Data mining tools first came on the scene about five years ago as a way to extract pertinent data from data warehouses. Prior to the emergence of these types of tools, finding the data you wanted required knowing the right questions to send to the data warehouse. Data mining tools, however, look at data statistically and notice certain things that would take a human too many hours to track.

In the past, the problem with data mining tools was their cost. Although seemingly useful tools, companies could not afford their up-front expense. And because data mining tools employ mathematical algorithms to track data, they were difficult for non-technical end users to operate, often requiring someone with a mathematical and/or statistical background to handle them.

This has changed as more tools have entered the market, become easier to use and dropped in price.

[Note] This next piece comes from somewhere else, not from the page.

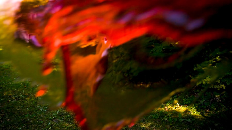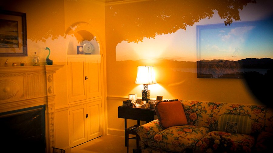In the living room of the old Main House, a camera is positioned looking through a sheet of glass. The day proceeds; the shadows move across the landscape. As evening arrives, the sheet of glass begins to reflect the interior. At twilight, we see half within and half without. At dusk, the outer world has vanished, and all we see is the inner room — a painting of two cheetahs in Africa, hung above a floral sofa.

Data mining tools today are priced anywhere from $2,000 to $500,000, with good tools available at both ends of the spectrum and everywhere in between. The difference among the tools is in what they can do, the size of the database they can work with and the complexity of the problems they can handle.

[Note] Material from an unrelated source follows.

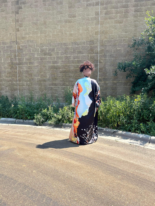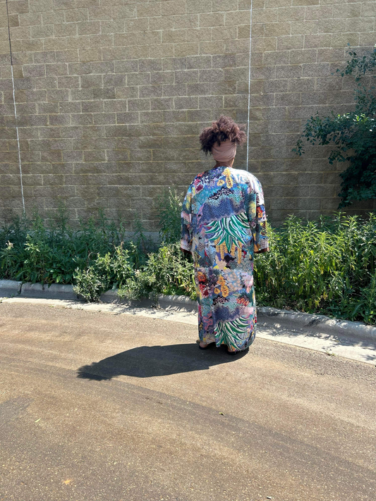 Plus Size Long Elegant Oversized Floor Length Lightweight Open Front Coverup Kimono Duster Robe, PIXEL GARDEN

Regardless of price and complexity, the tools are all cost-effective. "In data mining, the payoffs are very clear," noted data management guru Herb Edelstein, president of Two Crows Corp., Potomac, Md. "You can predict your payoff and measure whether you got it."

Aaron Zornes, research director for application delivery strategies at Meta Group Inc., Burlingame, Calif., agrees that data mining tools are cost-effective in terms of risk avoidance and determining when customers will "turn." "They're good at predicting customer behaviors," said Zornes. "They're most effective where you have millions of customers and are competing on the basis of a sliver of a percentage point," such as retail grocers and telecommunications companies. "Every little sliver then drops to the bottom line," he added.

Reaping such an advantage has data mining tools growing in popularity. With e-commerce as significant as it is today, companies are using data mining tools to provide them with a return on investment that can keep them ahead of the game. For example, Minnetonka, Minn.-based Fingerhut Companies Inc. spent more than $1 million building a solution to optimize the sequence of the 35 different catalogs it sends to its 6 million customers. The project has resulted in $3.5 million of annual profits for the mail-order merchandise seller.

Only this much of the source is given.